=== DIRECTIONS FOR THIS TASK ===
In the entries that follow, the line with "Digital illustration of" opens the range and the line with "圖2 2015年8月-2016年8月國(guó)內(nèi)多晶硅分企業(yè)產(chǎn)量圖 單位:噸" closes it; repeat that range exactly, both lines included.
Start of RECORDS PROVIDED
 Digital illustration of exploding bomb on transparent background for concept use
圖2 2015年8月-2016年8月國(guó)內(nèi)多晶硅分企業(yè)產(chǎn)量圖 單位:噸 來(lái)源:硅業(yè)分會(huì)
End of RECORDS PROVIDED
Start of RECORDS PROVIDED
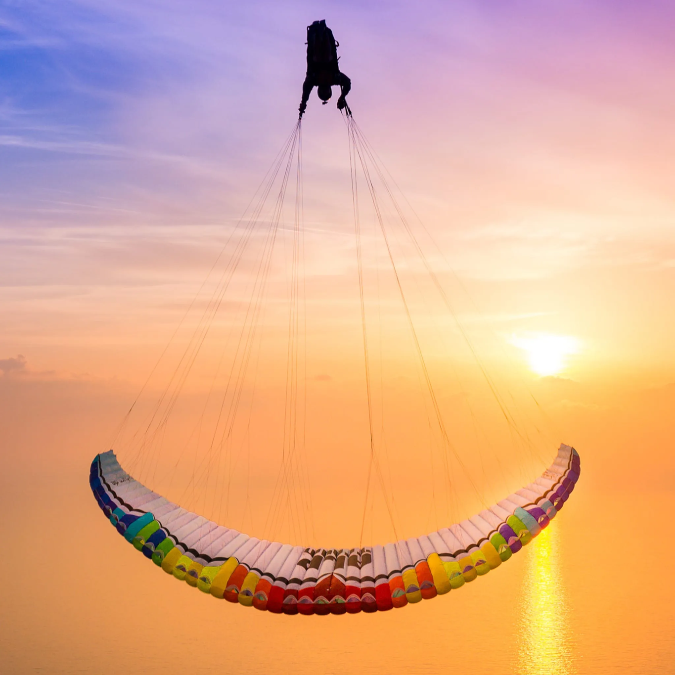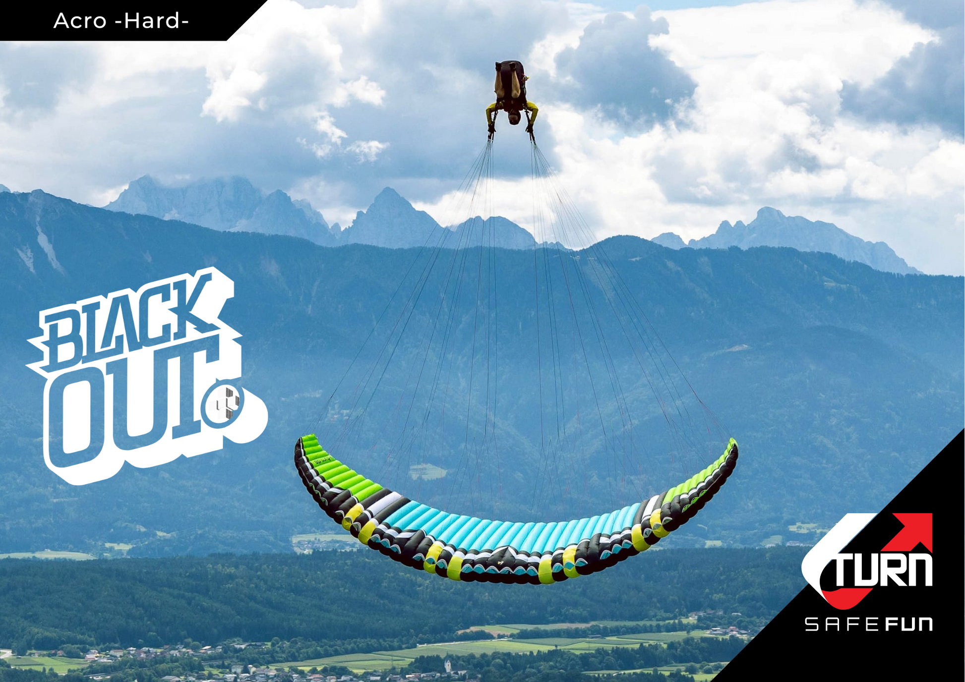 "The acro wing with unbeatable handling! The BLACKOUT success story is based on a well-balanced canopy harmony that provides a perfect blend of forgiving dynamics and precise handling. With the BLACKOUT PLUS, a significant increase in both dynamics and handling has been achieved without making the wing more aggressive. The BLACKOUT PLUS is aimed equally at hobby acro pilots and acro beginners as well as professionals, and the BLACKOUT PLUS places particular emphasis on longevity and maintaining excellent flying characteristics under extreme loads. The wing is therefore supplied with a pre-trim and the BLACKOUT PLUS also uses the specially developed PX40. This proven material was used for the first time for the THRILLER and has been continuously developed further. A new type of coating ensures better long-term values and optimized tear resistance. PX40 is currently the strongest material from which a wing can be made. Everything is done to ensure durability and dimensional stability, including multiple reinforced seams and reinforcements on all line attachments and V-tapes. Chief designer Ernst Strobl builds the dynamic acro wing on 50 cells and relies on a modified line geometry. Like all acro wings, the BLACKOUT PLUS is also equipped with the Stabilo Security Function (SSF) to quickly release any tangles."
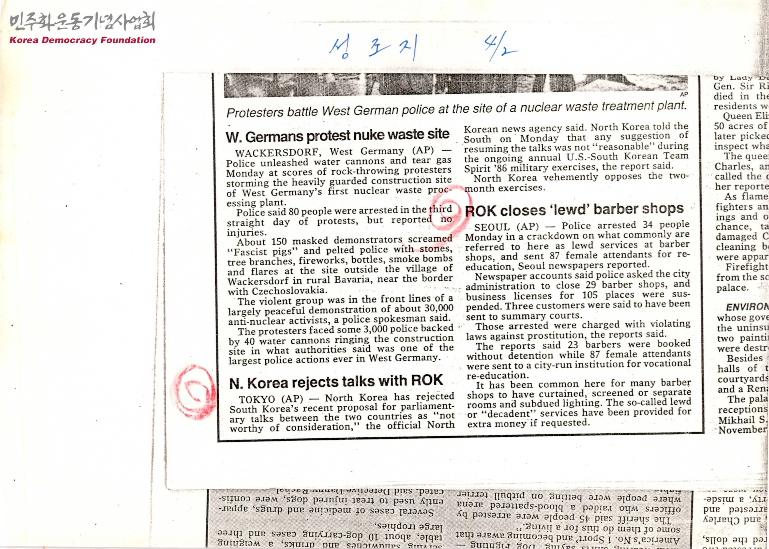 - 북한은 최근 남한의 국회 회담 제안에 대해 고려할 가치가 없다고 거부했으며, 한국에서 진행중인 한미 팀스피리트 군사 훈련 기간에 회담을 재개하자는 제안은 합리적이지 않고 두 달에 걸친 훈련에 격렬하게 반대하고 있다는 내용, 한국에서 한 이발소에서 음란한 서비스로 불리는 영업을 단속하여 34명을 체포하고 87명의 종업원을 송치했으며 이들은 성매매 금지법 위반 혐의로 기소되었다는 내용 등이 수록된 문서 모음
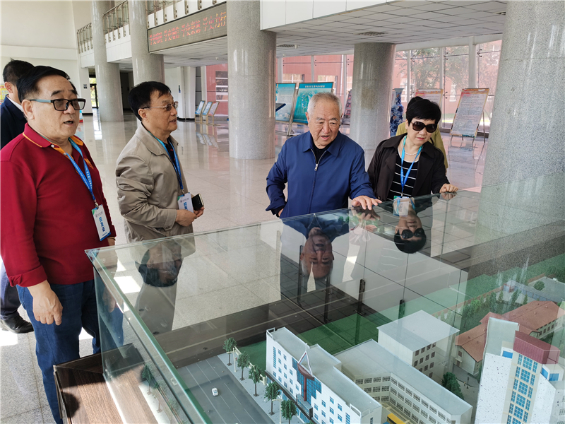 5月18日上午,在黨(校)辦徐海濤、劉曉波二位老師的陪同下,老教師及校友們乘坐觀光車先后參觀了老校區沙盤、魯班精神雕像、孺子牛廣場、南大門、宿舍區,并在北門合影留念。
End of RECORDS PROVIDED
=== EXERCISE RESULT ===
 Digital illustration of exploding bomb on transparent background for concept use
圖2 2015年8月-2016年8月國(guó)內(nèi)多晶硅分企業(yè)產(chǎn)量圖 單位:噸 來(lái)源:硅業(yè)分會(huì)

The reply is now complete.